What is expected:
In full and word for word, return the listing that follows.

Stored data:
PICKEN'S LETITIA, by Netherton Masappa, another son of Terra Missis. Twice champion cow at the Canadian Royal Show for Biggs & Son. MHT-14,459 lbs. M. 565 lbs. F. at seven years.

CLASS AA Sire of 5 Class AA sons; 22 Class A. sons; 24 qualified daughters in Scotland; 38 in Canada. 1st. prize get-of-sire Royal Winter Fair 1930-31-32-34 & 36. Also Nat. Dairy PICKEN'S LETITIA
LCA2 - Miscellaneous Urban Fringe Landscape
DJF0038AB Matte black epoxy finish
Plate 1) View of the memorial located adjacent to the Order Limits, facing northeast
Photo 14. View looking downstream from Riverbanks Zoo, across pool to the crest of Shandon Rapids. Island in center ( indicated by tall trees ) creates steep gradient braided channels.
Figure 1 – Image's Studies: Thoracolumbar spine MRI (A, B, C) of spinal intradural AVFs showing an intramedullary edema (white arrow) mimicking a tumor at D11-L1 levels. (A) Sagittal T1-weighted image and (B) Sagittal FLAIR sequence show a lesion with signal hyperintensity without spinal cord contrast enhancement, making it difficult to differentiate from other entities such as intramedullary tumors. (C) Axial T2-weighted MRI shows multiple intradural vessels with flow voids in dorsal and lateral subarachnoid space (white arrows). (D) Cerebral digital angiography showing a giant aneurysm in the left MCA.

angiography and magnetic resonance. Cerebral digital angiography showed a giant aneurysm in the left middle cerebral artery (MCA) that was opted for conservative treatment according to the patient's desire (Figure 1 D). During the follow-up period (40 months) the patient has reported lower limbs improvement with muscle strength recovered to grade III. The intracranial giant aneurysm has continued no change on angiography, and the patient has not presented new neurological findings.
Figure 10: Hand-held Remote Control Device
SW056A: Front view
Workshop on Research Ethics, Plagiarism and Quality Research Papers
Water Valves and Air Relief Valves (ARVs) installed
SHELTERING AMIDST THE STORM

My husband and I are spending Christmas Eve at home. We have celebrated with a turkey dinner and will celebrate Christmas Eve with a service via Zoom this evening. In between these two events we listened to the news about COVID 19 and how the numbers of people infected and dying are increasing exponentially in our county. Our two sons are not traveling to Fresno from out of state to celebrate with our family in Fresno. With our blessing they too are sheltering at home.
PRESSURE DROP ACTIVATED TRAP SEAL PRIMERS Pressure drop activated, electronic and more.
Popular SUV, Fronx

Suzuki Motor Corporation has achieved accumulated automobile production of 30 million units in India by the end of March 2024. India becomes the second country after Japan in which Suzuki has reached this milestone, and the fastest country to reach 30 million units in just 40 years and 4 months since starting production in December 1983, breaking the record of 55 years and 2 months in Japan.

Reply to the task:
PICKEN'S LETITIA, by Netherton Masappa, another son of Terra Missis. Twice champion cow at the Canadian Royal Show for Biggs & Son. MHT-14,459 lbs. M. 565 lbs. F. at seven years.

CLASS AA Sire of 5 Class AA sons; 22 Class A. sons; 24 qualified daughters in Scotland; 38 in Canada. 1st. prize get-of-sire Royal Winter Fair 1930-31-32-34 & 36. Also Nat. Dairy PICKEN'S LETITIA
LCA2 - Miscellaneous Urban Fringe Landscape
DJF0038AB Matte black epoxy finish
Plate 1) View of the memorial located adjacent to the Order Limits, facing northeast
Photo 14. View looking downstream from Riverbanks Zoo, across pool to the crest of Shandon Rapids. Island in center ( indicated by tall trees ) creates steep gradient braided channels.
Figure 1 – Image's Studies: Thoracolumbar spine MRI (A, B, C) of spinal intradural AVFs showing an intramedullary edema (white arrow) mimicking a tumor at D11-L1 levels. (A) Sagittal T1-weighted image and (B) Sagittal FLAIR sequence show a lesion with signal hyperintensity without spinal cord contrast enhancement, making it difficult to differentiate from other entities such as intramedullary tumors. (C) Axial T2-weighted MRI shows multiple intradural vessels with flow voids in dorsal and lateral subarachnoid space (white arrows). (D) Cerebral digital angiography showing a giant aneurysm in the left MCA.

angiography and magnetic resonance. Cerebral digital angiography showed a giant aneurysm in the left middle cerebral artery (MCA) that was opted for conservative treatment according to the patient's desire (Figure 1 D). During the follow-up period (40 months) the patient has reported lower limbs improvement with muscle strength recovered to grade III. The intracranial giant aneurysm has continued no change on angiography, and the patient has not presented new neurological findings.
Figure 10: Hand-held Remote Control Device
SW056A: Front view
Workshop on Research Ethics, Plagiarism and Quality Research Papers
Water Valves and Air Relief Valves (ARVs) installed
SHELTERING AMIDST THE STORM

My husband and I are spending Christmas Eve at home. We have celebrated with a turkey dinner and will celebrate Christmas Eve with a service via Zoom this evening. In between these two events we listened to the news about COVID 19 and how the numbers of people infected and dying are increasing exponentially in our county. Our two sons are not traveling to Fresno from out of state to celebrate with our family in Fresno. With our blessing they too are sheltering at home.
PRESSURE DROP ACTIVATED TRAP SEAL PRIMERS Pressure drop activated, electronic and more.
Popular SUV, Fronx

Suzuki Motor Corporation has achieved accumulated automobile production of 30 million units in India by the end of March 2024. India becomes the second country after Japan in which Suzuki has reached this milestone, and the fastest country to reach 30 million units in just 40 years and 4 months since starting production in December 1983, breaking the record of 55 years and 2 months in Japan.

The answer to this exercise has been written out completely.